Но при этом он был британским чиновником. Об этом говорит известный случай, описанный самим Оруэллом - случай с бешеным слоном. Однажды он был позван жителями деревни, где был его пост, его офис, чтобы ликвидировать ситуацию с бешеным слоном. Слон взбесился и стал топтать посевы риса - это было, по-моему, в Бирме - и вообще угрожал людям и домашним животным.
И Оруэлл почувствовал, что он как белый человек должен немедленно решить эту ситуацию, иначе его положение господина будет подвергнуто сомнению. А он был юношей, и хоть он и не был трусом, конечно, но что такое бешеный слон - вы можете себе представить.
И вот этот самый долг белого человека заставил его взять винтовку и выйти один на один с бешеным слоном. Он чувствовал, что если он не сделает это, то будет плохо, это будет уроном. Он худо‑бедно справился с этой ситуацией, хоть потом писал об этом с иронией, с юмором. Но есть и другие ситуации. Оставим пока Оруэлла.
Африканская ситуация разворачивалась следующим образом. Чиновникам не нравилось, что появляются юноши, девушки с рекомендательными письмами от министра колонии, с всякими другими бумагами, и начинают ползать по вверенной территории.

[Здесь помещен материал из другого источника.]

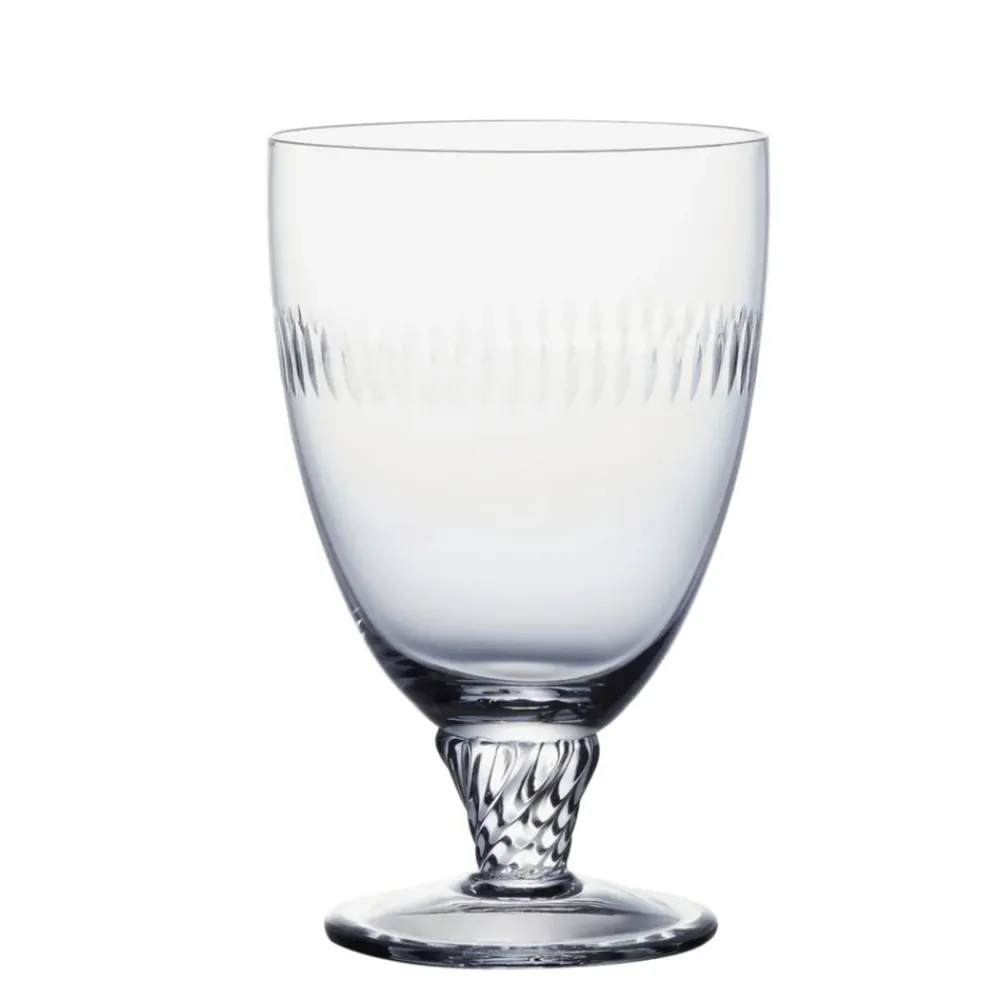 Fine crystal. Each glass has been hand-blown and hand-engraved, with a short twisted stem.

Почему не нравилось? Во-первых, это урон достоинства белого, потому что методика Малиновского, о которой я вам уже говорил, и Рэдклифф-Брауна предписывала жить привычками и чаяниями народа, участвовать во всех его мероприятиях, делать все то, что делают люди, которых вы изучаете. Для британских чиновников колониальных это было ужасно - это один аспект.
Следующий аспект не менее важный. Дело в том, что появление в любой культуре инокультурного элемента всегда вызывает определенные пертурбации, какие-то флуктуации и непонятные процессы. Это было хорошо описано в ряде романов. Есть такой жанр в британской литературе - «колониальный роман». И антропологи там - довольно часто встречающиеся персонажи.
Есть один такой роман, где описываются похождения очаровательной аспирантки Департамента антропологии Кембриджа, которая в Западной Африке, где-то в Габоне, должна была проводить свое полевое исследование. Вы знаете, что антропологи не могут без этого получить статус антрополога. Она, конечно же, очаровала тамошнего колониального резидента, комиссара, тоже молодого джентльмена. И он перенес много страданий из-за своей довольно взбалмошной, как и положено антропологам, довольно эксцентричной знакомой. В те времена не было понятия «girlfriend», а было понятие «невеста» и «знакомая». Так вот невестой она вроде как не была… В общем, знакомая.
Она перемещалась по африканским деревням, задавала массу вопросов, как и положено для антрополога. И тем самым породила много всяких слухов и непонятных событий. Ведь существует определенный такой культурный барьер, переходя который, слова и вещи порой до неузнаваемости меняют смысл.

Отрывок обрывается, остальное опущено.